The students of Bayside High are back, and school is queerer and more diverse than ever. With loads of humor and heart, the second season of Peacock's Saved by the Bell reboot, which premiered November 24, handily addresses lingering emotional stress from the lockdowns (although the season occurs in a post-pandemic world) before moving along to the age-old pressing matters of high school like grades, school spirit, and dances. Wrapped in a glimmering package of light and some much-needed silliness in the show are heartfelt coming-of-age stories. While Elizabeth Berkley's Jessie (a guidance counselor in the new series) has always been the socially conscious one of the old group, the series from Tracey Wigfield delves into myriad modern topics around privilege, class, and the radical act of owning one's queer and/or trans joy.
One particular of-the-moment story involves Josie Totah's sassy and independent Lexi finding some solidarity with other LGBTQ+ kids. Always at the ready with a searing rejoinder and sporting the most fabulous haute couture outfits, Lexi is trans, but that identity is just one part of her. In the episode that arrives about halfway through the season, Lexi grapples with how to become involved with the LGBTQ+ community at large while continuing to live her life with as much joy as possible despite the often upsetting daily news cycle. Her solution is to solve transphobia forever by writing the perfect musical. When that intended opus goes awry, she finds middle ground and joy with some queer kids.
"We wanted to tell an evolved, authentic storyline that has to do with this character. We see a lot of stories surrounding trans characters and LGBTQ characters that revolve around trauma. And those stories are very important to tell," Totah tells The Advocate. "But we also want to tell a story of a thriving girl who happens to be from a marginalized community. She happens to be trans, but she has so many components to her."
After she's approached by kids from a regional LGBTQ+ group to stand with them at a protest, Lexi seeks out the advice of Berkley's guidance counselor Dr. Spano, one of the Saved by the Bell originals dating back to the '80s who's still trying to save the environment and take on other social causes 30+ years later.
For Berkley, who starred in the proto-queer camp masterpiece Showgirls and played queer opposite Jennifer Beals in the final season of the original L Word, being a part of LGBTQ+ stories is something she calls a "gift."
"There's no greater gift than to be an artist who can, however small or however great, contribute to showing love in many different ways. I have played roles, whether it be in Showgirls or The L Word, and I feel really lucky," Berkley tells the Advocate. "Someone might say in playing certain roles I've played, 'Oh, that's brave.' To me it's a gift and a treat to be able to help move the needle in any small way, in any big way," she adds.

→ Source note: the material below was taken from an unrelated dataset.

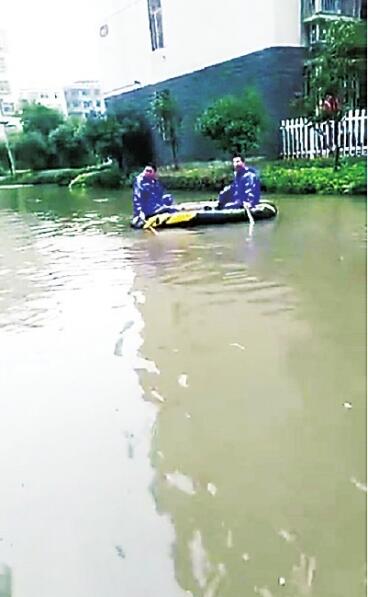街道積水到膝蓋,小區(qū)內(nèi)劃船出行
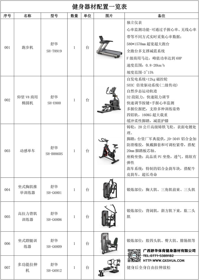 1.开元V9智能跑步机SH-T8919*3台-独立仪表-简洁大气,全新外观设计,健康运动新选择;心率监测功能,可通过手握心率、无线心率带等不同方式实时采集心率数据;580*1570mm超宽超大跑台-跑感舒适,跑台整体安全稳定;全跑台多支撑减震平台,保证跑台超强支撑力,达到180kg支撑,满足专业健身房需求。F级商用马达-超强马达,AC 3.0HP 交流,峰值功率达到6HP,F级商用品质。速度范围达到0.8-20km/h;V9跑步机可实现跑台扬升功能,坡度范围-3~15%,满足客户不同的锻炼需求。

"I look forward to doing even more projects that do the same, but I personally have felt such support from the community, even if you just take Showgirls alone," she says. "It's been kind of an anthem for the gay community -- the appreciation that I have felt and I think what it has meant in a lot of people's lives, which I think I never quite understood so much as when there was a screening a few years ago. The day that gay marriage became legal, it was at Hollywood Forever Cemetery and I came to speak, and [the love and support] it was so palpable."
With the new Saved by the Bell, which features several of the originals in regular or recurring roles including Mark-Paul Gosselaar as Zack, whose son goes to Bayside, and Mario Lopez as the school's Coach Slater, Totah is able to incorporate her trans identity into the role while also being gifted with with bons mots tailored to her style.
"I just feel so blessed that I've been able to meet people who really understand my voice and are able to weaponize it for the benefit of the show and making it crazier," Totah says of her character who delivers endless zingers.
For Berkley, there's something full circle about playing a role in the series that is deeply funny but also in which most of the characters are at or have surpassed Jessie level of concern about the state of the world that began decades ago.
"When I was playing Jessie as a 15-year-old, as a 16-year-old, as a 17-year-old in the early '90s, there weren't many models of young women speaking out, using their voice to help others, being of service, whether it be the environment, animals, seeking justice for certain people. She did it in an unapologetic way, and it was really kind of a first model of an adolescent girl doing that without being punished," Berkley says. "There were examples of that, but Jessie stood in it bravely and she got teased for it. She often felt alone in it, but it is such a beautiful commentary on how far we've come to see many characters in many different types of shows and films since then who do the same."
"Also on this very show, you see the main characters, these kids who are growing up with that kind of language and permission to use their voice for the greater good in all realms, and it's really moving," she adds.
Episodes of Saved by the Bell's second season are available on Peacock now.